**Try it:** Give back exactly the lines of the entries below from the line with "2016届本科毕业生代表公共" to the line with "Декаль Ту 154", inclusive, and only those.

**Extracted data:**
* * * *

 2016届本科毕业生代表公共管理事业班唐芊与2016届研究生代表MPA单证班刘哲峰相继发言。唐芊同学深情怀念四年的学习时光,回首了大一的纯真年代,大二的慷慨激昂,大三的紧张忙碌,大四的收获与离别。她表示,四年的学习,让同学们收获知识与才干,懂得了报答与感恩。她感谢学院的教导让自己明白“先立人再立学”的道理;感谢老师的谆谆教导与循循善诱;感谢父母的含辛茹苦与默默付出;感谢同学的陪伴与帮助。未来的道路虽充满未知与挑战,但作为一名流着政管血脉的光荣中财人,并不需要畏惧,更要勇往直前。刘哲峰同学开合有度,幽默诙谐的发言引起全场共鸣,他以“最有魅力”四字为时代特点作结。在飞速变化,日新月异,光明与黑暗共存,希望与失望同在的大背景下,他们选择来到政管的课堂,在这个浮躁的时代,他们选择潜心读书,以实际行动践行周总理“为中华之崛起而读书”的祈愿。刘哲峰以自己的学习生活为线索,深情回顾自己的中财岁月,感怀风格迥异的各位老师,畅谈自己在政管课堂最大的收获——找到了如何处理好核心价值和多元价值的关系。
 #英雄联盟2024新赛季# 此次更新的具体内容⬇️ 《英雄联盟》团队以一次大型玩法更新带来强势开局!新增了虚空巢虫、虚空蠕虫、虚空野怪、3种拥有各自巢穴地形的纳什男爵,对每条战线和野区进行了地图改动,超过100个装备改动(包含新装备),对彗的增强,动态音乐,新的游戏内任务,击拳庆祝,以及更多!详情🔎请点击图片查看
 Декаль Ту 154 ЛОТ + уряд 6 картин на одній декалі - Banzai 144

* * * *

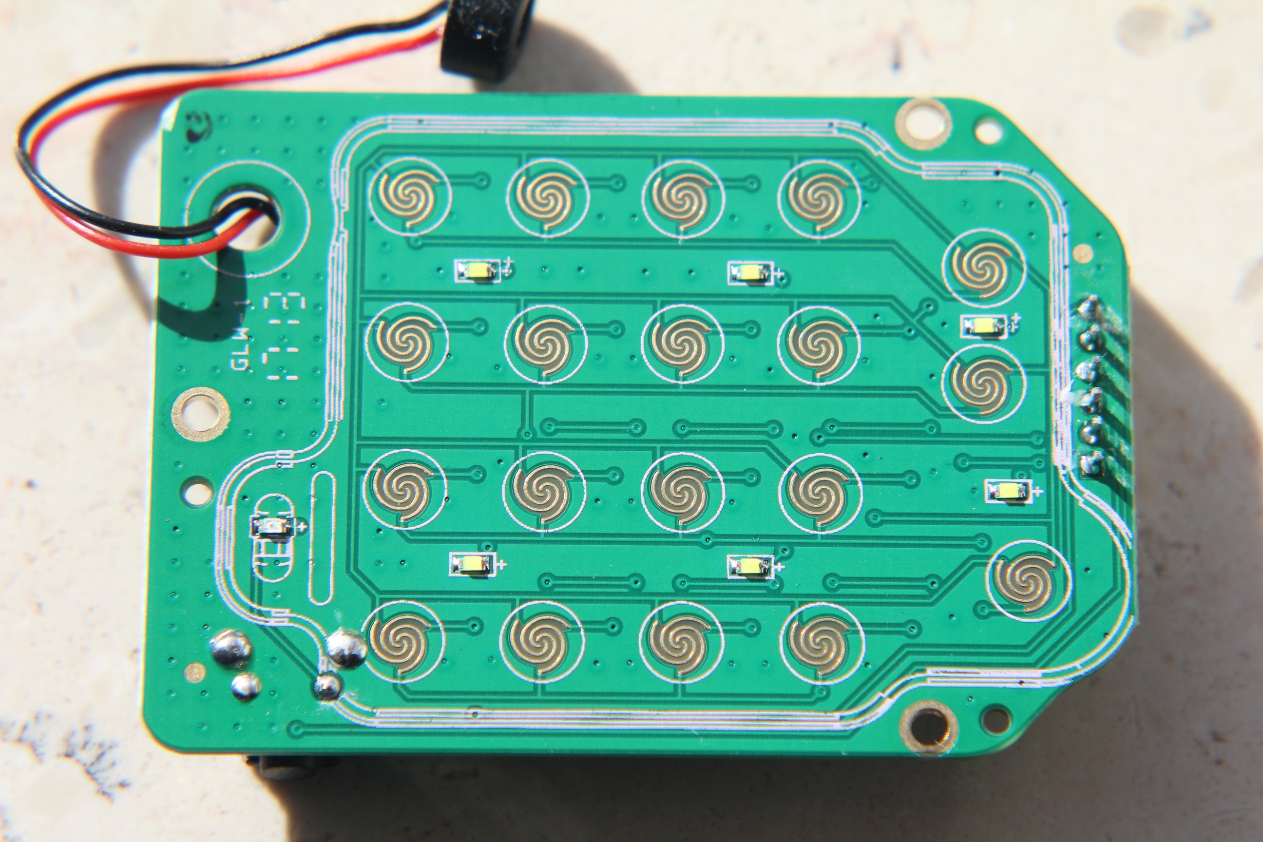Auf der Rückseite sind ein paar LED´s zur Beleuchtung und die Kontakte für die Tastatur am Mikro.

* * * *

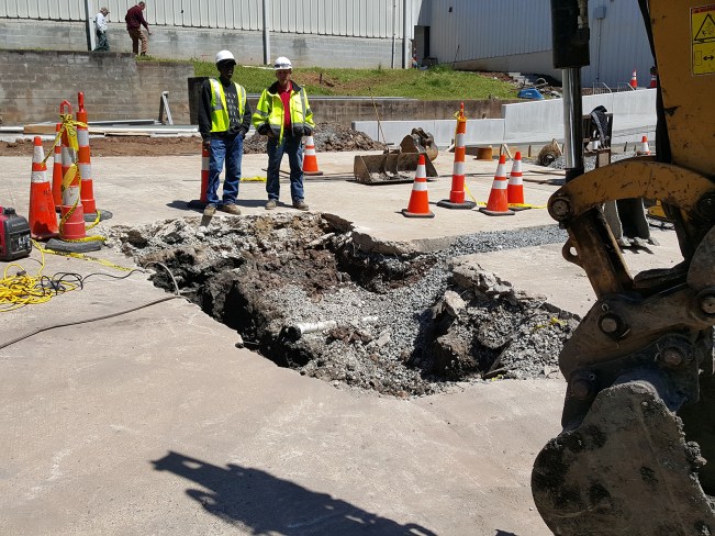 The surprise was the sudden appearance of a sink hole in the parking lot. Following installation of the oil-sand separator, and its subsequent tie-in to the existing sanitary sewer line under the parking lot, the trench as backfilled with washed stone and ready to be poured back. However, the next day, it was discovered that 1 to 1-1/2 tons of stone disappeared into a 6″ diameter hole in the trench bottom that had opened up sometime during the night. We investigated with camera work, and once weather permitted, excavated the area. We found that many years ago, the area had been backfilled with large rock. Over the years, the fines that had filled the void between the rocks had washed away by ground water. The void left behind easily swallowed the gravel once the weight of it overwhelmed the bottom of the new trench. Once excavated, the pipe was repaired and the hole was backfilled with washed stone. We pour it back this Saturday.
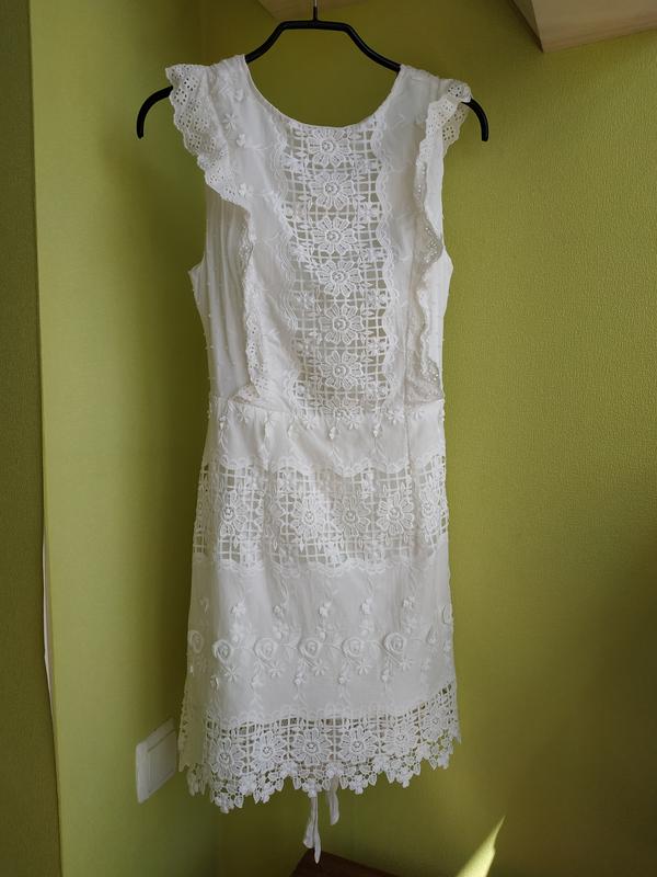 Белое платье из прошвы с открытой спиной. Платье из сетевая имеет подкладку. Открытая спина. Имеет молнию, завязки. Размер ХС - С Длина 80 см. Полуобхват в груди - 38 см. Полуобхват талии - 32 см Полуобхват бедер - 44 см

* * * *

**Written response:**
 2016届本科毕业生代表公共管理事业班唐芊与2016届研究生代表MPA单证班刘哲峰相继发言。唐芊同学深情怀念四年的学习时光,回首了大一的纯真年代,大二的慷慨激昂,大三的紧张忙碌,大四的收获与离别。她表示,四年的学习,让同学们收获知识与才干,懂得了报答与感恩。她感谢学院的教导让自己明白“先立人再立学”的道理;感谢老师的谆谆教导与循循善诱;感谢父母的含辛茹苦与默默付出;感谢同学的陪伴与帮助。未来的道路虽充满未知与挑战,但作为一名流着政管血脉的光荣中财人,并不需要畏惧,更要勇往直前。刘哲峰同学开合有度,幽默诙谐的发言引起全场共鸣,他以“最有魅力”四字为时代特点作结。在飞速变化,日新月异,光明与黑暗共存,希望与失望同在的大背景下,他们选择来到政管的课堂,在这个浮躁的时代,他们选择潜心读书,以实际行动践行周总理“为中华之崛起而读书”的祈愿。刘哲峰以自己的学习生活为线索,深情回顾自己的中财岁月,感怀风格迥异的各位老师,畅谈自己在政管课堂最大的收获——找到了如何处理好核心价值和多元价值的关系。
 #英雄联盟2024新赛季# 此次更新的具体内容⬇️ 《英雄联盟》团队以一次大型玩法更新带来强势开局!新增了虚空巢虫、虚空蠕虫、虚空野怪、3种拥有各自巢穴地形的纳什男爵,对每条战线和野区进行了地图改动,超过100个装备改动(包含新装备),对彗的增强,动态音乐,新的游戏内任务,击拳庆祝,以及更多!详情🔎请点击图片查看
 Декаль Ту 154 ЛОТ + уряд 6 картин на одній декалі - Banzai 144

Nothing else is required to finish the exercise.